Available data Start Marker

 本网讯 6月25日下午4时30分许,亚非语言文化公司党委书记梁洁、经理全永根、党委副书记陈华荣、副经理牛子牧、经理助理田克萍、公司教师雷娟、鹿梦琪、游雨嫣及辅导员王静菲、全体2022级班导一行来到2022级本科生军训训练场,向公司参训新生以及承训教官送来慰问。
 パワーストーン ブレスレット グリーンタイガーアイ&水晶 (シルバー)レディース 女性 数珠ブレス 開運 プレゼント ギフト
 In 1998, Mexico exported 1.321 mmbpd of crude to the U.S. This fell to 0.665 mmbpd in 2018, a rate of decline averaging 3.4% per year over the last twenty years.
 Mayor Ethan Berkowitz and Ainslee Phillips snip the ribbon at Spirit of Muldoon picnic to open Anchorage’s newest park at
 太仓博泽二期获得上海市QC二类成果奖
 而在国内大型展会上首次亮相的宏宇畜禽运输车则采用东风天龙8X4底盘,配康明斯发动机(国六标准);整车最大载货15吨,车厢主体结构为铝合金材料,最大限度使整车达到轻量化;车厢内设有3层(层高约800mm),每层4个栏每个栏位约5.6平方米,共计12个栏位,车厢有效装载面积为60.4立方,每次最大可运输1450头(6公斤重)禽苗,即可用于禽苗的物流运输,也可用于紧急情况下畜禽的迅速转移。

Available data End Marker
Available data Start Marker

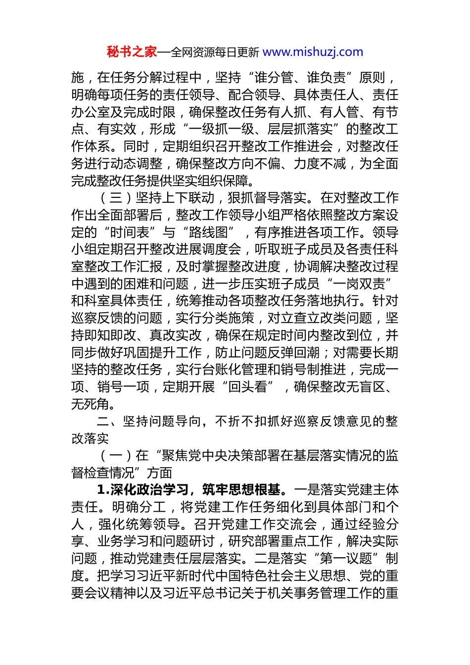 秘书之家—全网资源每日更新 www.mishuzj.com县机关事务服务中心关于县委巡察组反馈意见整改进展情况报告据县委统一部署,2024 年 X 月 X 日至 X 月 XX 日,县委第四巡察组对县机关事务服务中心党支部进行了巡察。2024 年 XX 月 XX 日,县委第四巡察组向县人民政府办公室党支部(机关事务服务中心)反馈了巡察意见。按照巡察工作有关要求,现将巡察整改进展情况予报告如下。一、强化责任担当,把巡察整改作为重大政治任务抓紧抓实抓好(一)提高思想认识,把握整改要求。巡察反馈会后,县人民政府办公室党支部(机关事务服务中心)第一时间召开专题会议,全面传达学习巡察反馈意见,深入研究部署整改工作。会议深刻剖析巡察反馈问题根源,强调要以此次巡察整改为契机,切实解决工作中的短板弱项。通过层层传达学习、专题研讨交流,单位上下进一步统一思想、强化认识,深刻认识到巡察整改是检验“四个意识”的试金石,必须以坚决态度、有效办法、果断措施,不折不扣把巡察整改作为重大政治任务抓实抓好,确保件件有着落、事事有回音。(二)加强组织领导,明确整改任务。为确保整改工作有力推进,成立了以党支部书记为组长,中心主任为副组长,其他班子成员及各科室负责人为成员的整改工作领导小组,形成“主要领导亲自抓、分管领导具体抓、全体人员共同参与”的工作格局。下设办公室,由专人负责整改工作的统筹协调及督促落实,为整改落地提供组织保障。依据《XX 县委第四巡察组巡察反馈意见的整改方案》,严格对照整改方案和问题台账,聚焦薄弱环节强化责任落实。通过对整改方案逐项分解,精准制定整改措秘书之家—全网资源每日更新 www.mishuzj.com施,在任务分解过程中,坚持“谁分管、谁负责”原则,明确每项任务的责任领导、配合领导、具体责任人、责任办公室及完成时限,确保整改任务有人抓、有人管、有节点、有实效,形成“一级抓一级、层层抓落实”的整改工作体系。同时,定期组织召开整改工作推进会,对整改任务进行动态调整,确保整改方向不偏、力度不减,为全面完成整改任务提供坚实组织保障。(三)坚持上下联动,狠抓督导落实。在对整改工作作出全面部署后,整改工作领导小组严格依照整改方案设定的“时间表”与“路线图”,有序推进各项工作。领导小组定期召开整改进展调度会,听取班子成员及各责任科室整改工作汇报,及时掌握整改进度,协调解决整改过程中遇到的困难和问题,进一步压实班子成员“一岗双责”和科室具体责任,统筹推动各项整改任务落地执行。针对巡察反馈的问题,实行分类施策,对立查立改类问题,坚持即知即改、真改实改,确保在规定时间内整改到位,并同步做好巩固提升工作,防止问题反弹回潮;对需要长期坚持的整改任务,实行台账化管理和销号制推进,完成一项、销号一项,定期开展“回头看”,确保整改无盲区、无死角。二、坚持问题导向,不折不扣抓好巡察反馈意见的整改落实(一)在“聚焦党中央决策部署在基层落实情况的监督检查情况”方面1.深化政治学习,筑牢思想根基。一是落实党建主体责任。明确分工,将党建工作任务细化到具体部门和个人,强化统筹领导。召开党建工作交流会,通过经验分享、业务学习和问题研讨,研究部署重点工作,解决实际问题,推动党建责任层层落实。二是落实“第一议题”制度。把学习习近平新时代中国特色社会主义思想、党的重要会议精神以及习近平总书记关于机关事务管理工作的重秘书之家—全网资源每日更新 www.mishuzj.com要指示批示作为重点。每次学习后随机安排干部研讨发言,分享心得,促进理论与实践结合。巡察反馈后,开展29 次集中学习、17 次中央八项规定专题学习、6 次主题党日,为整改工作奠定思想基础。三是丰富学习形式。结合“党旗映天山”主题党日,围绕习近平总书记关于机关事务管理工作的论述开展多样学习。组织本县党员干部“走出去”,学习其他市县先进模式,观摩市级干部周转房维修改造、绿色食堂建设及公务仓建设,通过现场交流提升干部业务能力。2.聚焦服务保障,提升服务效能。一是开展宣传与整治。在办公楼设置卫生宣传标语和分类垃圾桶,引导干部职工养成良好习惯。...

Available data End Marker

**Exercise aim:**
Retype only the stretch of lines above starting at the one with "本网讯 6月25日下午4时3" and stopping at the one with "In 1998, Mexico", exactly as written, with both kept.

**Task output:**
 本网讯 6月25日下午4时30分许,亚非语言文化公司党委书记梁洁、经理全永根、党委副书记陈华荣、副经理牛子牧、经理助理田克萍、公司教师雷娟、鹿梦琪、游雨嫣及辅导员王静菲、全体2022级班导一行来到2022级本科生军训训练场,向公司参训新生以及承训教官送来慰问。
 パワーストーン ブレスレット グリーンタイガーアイ&水晶 (シルバー)レディース 女性 数珠ブレス 開運 プレゼント ギフト
 In 1998, Mexico exported 1.321 mmbpd of crude to the U.S. This fell to 0.665 mmbpd in 2018, a rate of decline averaging 3.4% per year over the last twenty years.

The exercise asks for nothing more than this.